**Work task:** Word for word, transcribe the lines below and drop the pictures.

**Source material:**
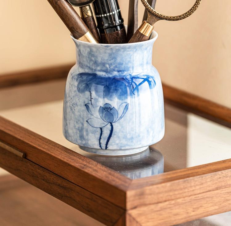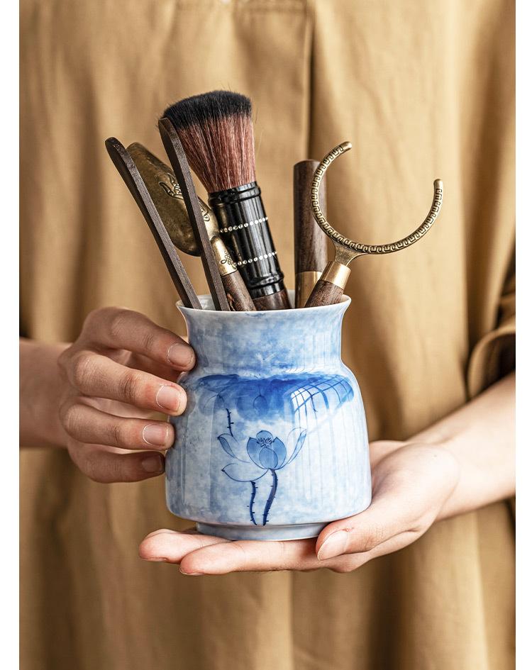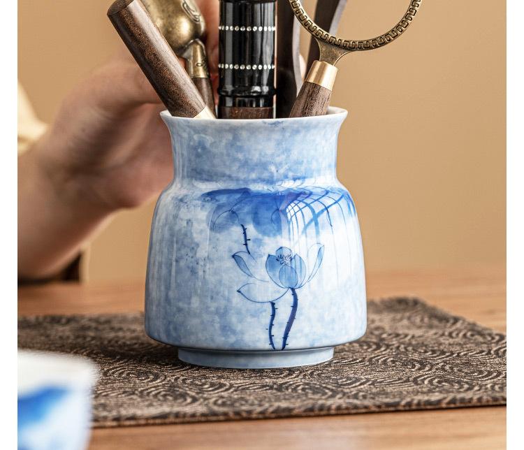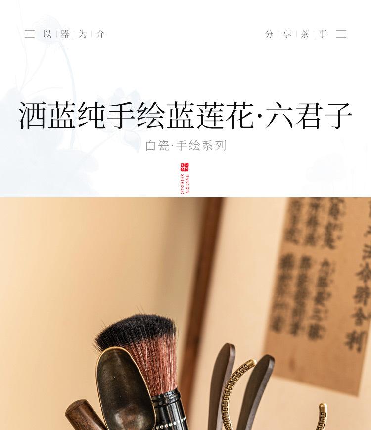 Sprinkle blue pure hand-painted blue lotus_tea ceremony six gentlemen, Sprinkle blue pure hand-painted blue lo...
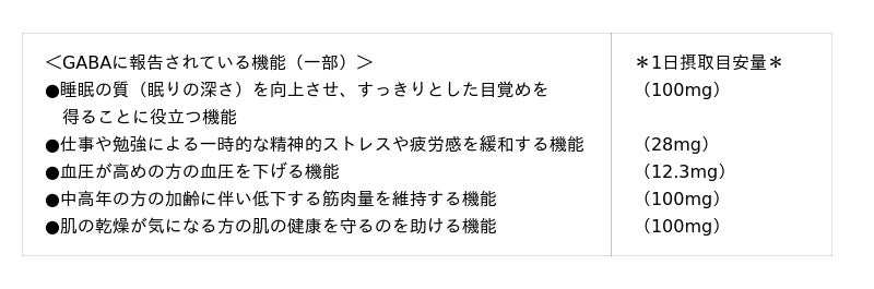 GABAはγ-アミノ酪酸と呼ばれるアミノ酸の1種で、以下に示されるような数々の機能が報告されています。
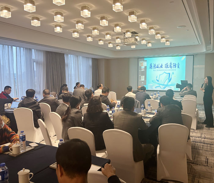 廉潔從業(yè)培訓(xùn)邀請(qǐng)行業(yè)知名律師事務(wù)所孔律師進(jìn)行分享和講解,緊緊圍繞建設(shè)工程領(lǐng)域刑事合規(guī)及法律風(fēng)險(xiǎn)防控,通過列舉同業(yè)及本條線工作中的典型實(shí)例,對(duì)問題多發(fā)點(diǎn)和潛在風(fēng)險(xiǎn)點(diǎn)多角度、有針對(duì)性地進(jìn)行講解和推進(jìn)警示預(yù)防,進(jìn)一步增強(qiáng)了各版塊各崗位管理人員的廉潔從業(yè)意識(shí)。
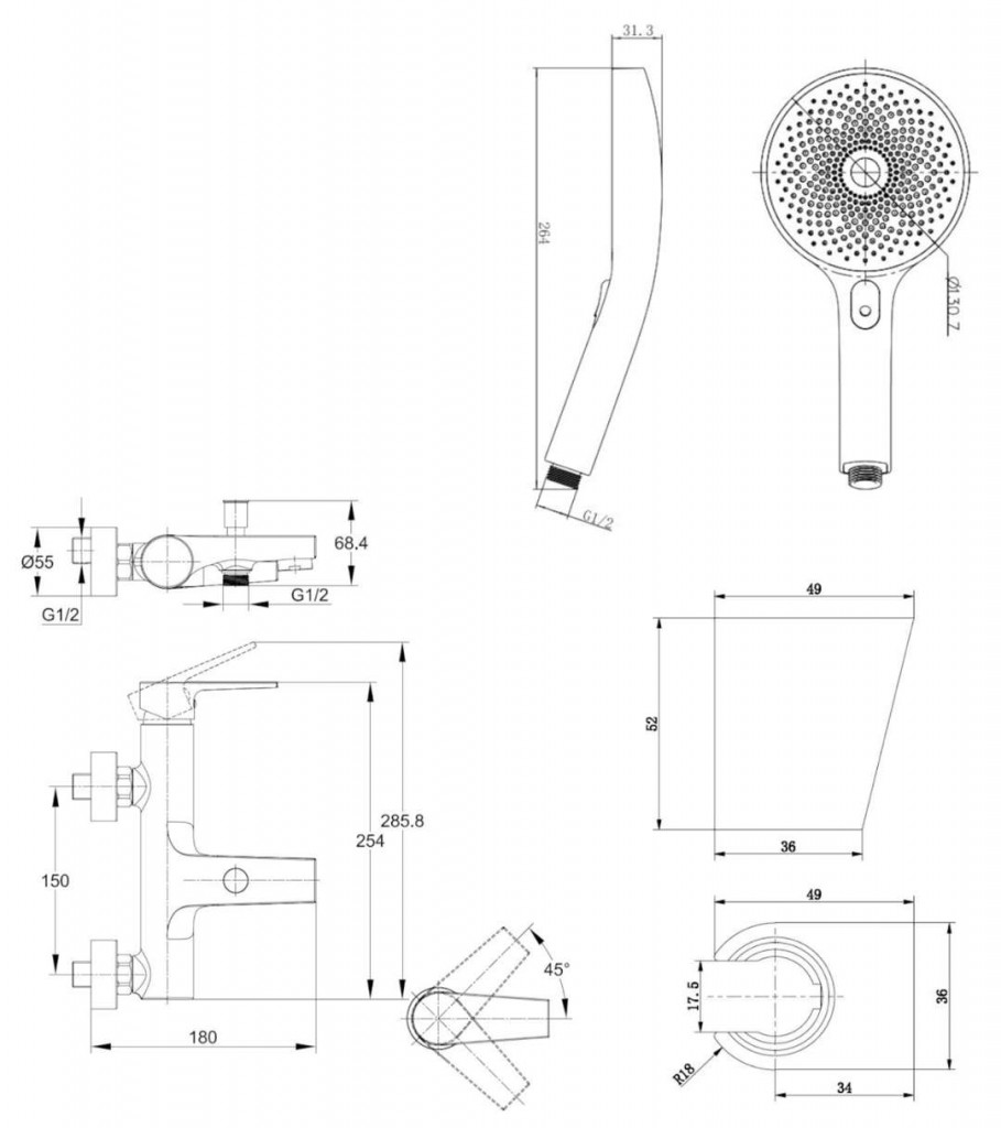 - AntiTwist - systém proti prekrúteniu, ktorý je ukrytý v kónuse sprchovej hadice

**Answer for the task:**
 Sprinkle blue pure hand-painted blue lotus_tea ceremony six gentlemen, Sprinkle blue pure hand-painted blue lo...
 GABAはγ-アミノ酪酸と呼ばれるアミノ酸の1種で、以下に示されるような数々の機能が報告されています。
 廉潔從業(yè)培訓(xùn)邀請(qǐng)行業(yè)知名律師事務(wù)所孔律師進(jìn)行分享和講解,緊緊圍繞建設(shè)工程領(lǐng)域刑事合規(guī)及法律風(fēng)險(xiǎn)防控,通過列舉同業(yè)及本條線工作中的典型實(shí)例,對(duì)問題多發(fā)點(diǎn)和潛在風(fēng)險(xiǎn)點(diǎn)多角度、有針對(duì)性地進(jìn)行講解和推進(jìn)警示預(yù)防,進(jìn)一步增強(qiáng)了各版塊各崗位管理人員的廉潔從業(yè)意識(shí)。
 - AntiTwist - systém proti prekrúteniu, ktorý je ukrytý v kónuse sprchovej hadice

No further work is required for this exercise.